The retired nurse told me that when she was recommended an Emotional Support Animal to help alleviate the depression into which she had sunk, no part of her liked the idea. Yes, she understood the reasoning. A dog would provide companionship, comfort, affection. A dog would need activity that would get her out of the house. Her therapist, a retriever owner, had recommended a big dog that might bring a sense of strength. But she was feeling overwhelmed. It was not the best frame of mind to bring in a pet that would need far more than she could give. Even at the point she contacted me at Possibility Dogs, she was unsure. We spoke by phone a couple of times; she stood me up for phone appointments (unplugged) a couple of times, too. She apologized. See? She said. I’m just not fit for responsibility. But she crawled out of the house to the library and studied page after page of needy dogs in rescue, and she was smart enough to recognize that there was hope buried under all that misgiving.

Hope surfaced in the form of the paralyzed Maltese-poodle mix of sweet temperament and urgent need a thousand miles away. This was not going to be an easy dog. She would need diligent care and assistance with bodily functions. In time, she would need a wheeled cart to assist her mobility. She was not going to quickly be the dog smiling at the door, bounding for the dog park. She was not the kind of dog recommended by the retiree’s therapist at all. But something in her resolute, wistful photograph stirred the retiree. This one, she told me on the phone. This one.

The little dog’s rescue was achieved through a network of willing volunteers and the nurse’s own nephew, recovering himself from wounds in Afghanistan, who offered to drive the last leg of the transport to help her meet her dog. He was the one who handled all the emails for her, and she coasted beside him on the tide of rescue goodwill. She realized that in the process of just wanting and committing to this dog, she reconnected with her family and talked with more strangers than she had in a year. That was purposeful and positive.

That felt scary as hell.

When she and her nephew met up with the transport volunteer, the man opened the door to a dog much more damaged than the nurse had realized.

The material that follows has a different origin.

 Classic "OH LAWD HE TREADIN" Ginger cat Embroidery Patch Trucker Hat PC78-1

Her experienced gaze swept over the numerous sites of injury. This dog had had broken bones, an eye stitched back in. Who had financed saving her? How had she survived the car strike at all? The nurse reached her hand toward that frailty, and the dog, trembling and drooling from carsickness, kissed her palm. It would be lovely to say that in that moment clouds parted, birds sang, and angels came down with a bottomless bank account for the retiree and power tools to build a wheeled-cart for the Maltipoo. Not so. But that first touch confirmed it. The nurse says she felt absolutely certain that she and this dog could help each other. The little dog’s greeting seemed certain, too.

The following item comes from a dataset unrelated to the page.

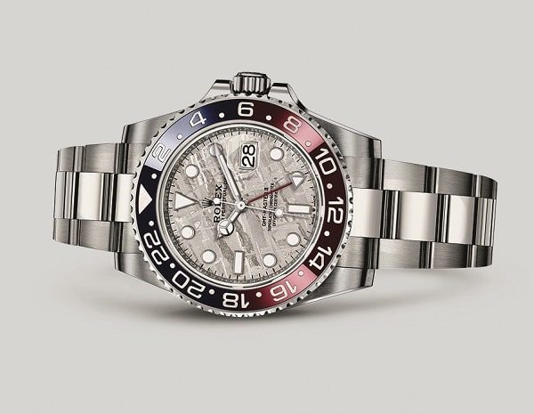 Первый из обладателей безеля, метко прозванного в народе Pepsi за характерную расцветку, появился на свет в незапамятном 1955-м. Почти сразу же премьера, оснащенная модулем второго часового пояса, стала официальными часами пилотов Pan American World Airways. Сегодня подчеркнуть авиационное происхождение семейства Rolex GMT-Master II выпало детали вовсе внеземного происхождения – метеориту: из него изготовлен циферблат.

It’s slow going, the retired nurse tells me some months later. Dog Zoe has nerve damage on one of her front legs, too, and her progress on the new custom-built cart is hesitant. The nurse says it’s tough to want so much good for a loved creature. We all want the happy ending now. She has laid a course from her kitchen to the living room in masking tape. She marks Zoe’s progress by cart in points along that line. Two feet yesterday. Two feet, six inches, today. That kind of thing.

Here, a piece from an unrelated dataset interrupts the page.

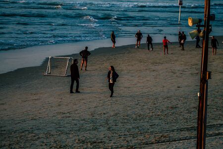 Tel Aviv Israel January 10, 2020 View of unidentified Israeli people having fun on the beach of Tel Aviv during the sunset in winter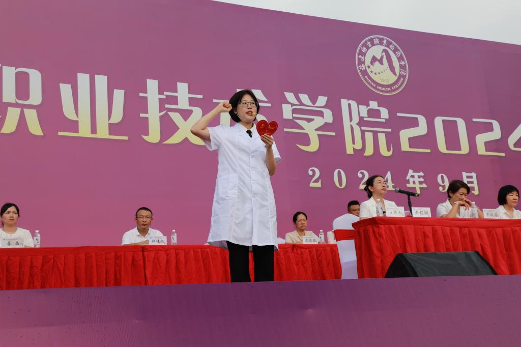 2024级健康大数据服务与管理专业的蔡开宁同学作为新生代表发言。他娓娓道来与闽卫院的相遇,驻足校训石前的思悟,走进校史馆的震撼,感受师生们的温暖,体会百十年学府的底蕴,认定这里就是最好的安排,坚信在这里他们将为自己的青春写下无悔的大学篇章。

“And what about you?” I ask the nurse. “How are you doing?”

The question surprises her; she’s been that focused on her dog. She’s improved, she thinks, sleeping better beside Zoe, who’s brave, who’s cheerful, who snores. Sometimes there are still terrible days, but this dog is so worth the struggle. We’re fighters. We are strong for each other, she says. Beside Zoe, she’s making progress by inches, too.